--- START ---
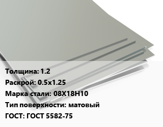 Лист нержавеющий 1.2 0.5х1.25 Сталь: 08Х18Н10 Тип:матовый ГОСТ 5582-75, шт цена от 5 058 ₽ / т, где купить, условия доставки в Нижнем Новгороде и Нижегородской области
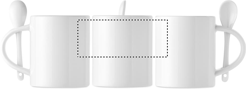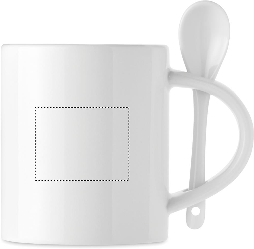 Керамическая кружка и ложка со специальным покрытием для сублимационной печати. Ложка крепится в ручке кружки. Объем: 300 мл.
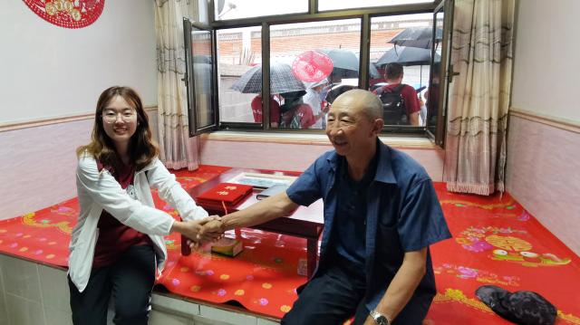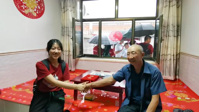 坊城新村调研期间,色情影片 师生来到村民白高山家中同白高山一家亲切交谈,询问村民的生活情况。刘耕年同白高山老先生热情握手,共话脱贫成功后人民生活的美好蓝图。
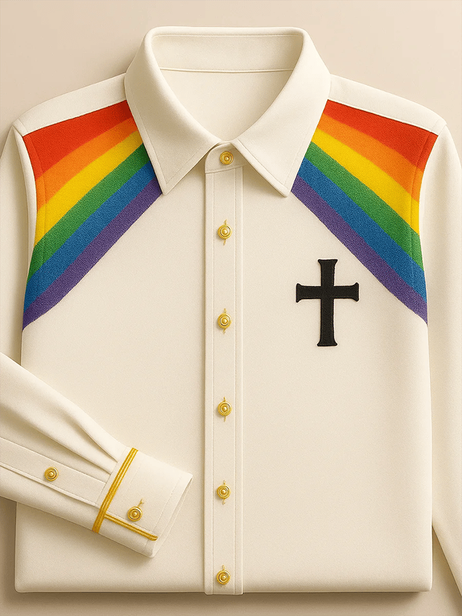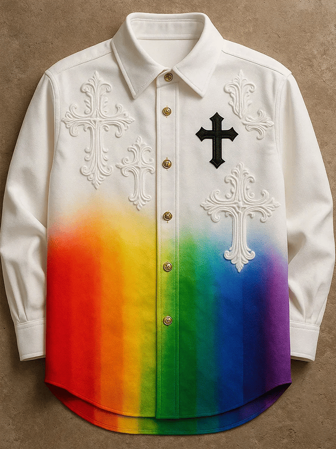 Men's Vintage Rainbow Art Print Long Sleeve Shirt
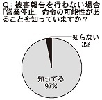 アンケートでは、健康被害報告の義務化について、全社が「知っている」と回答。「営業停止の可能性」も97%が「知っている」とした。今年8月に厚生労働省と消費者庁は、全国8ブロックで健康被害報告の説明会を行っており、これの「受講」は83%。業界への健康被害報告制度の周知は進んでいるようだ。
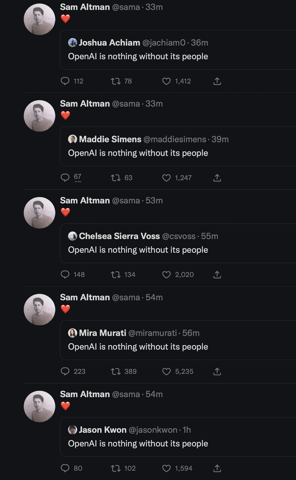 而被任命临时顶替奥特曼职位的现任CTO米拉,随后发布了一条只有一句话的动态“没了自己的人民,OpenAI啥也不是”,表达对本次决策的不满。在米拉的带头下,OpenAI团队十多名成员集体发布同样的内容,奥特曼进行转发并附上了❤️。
--- END ---
● **PROBLEM TO SOLVE**: Write out word for word the lines of the listing above from the line with "Керамическая кружка и" to the line with "アンケートでは、健康被害報告", taking in both of those lines but no pictures.

● **ANSWER TO THIS PROBLEM**:
 Керамическая кружка и ложка со специальным покрытием для сублимационной печати. Ложка крепится в ручке кружки. Объем: 300 мл.
 坊城新村调研期间,色情影片 师生来到村民白高山家中同白高山一家亲切交谈,询问村民的生活情况。刘耕年同白高山老先生热情握手,共话脱贫成功后人民生活的美好蓝图。
 Men's Vintage Rainbow Art Print Long Sleeve Shirt
 アンケートでは、健康被害報告の義務化について、全社が「知っている」と回答。「営業停止の可能性」も97%が「知っている」とした。今年8月に厚生労働省と消費者庁は、全国8ブロックで健康被害報告の説明会を行っており、これの「受講」は83%。業界への健康被害報告制度の周知は進んでいるようだ。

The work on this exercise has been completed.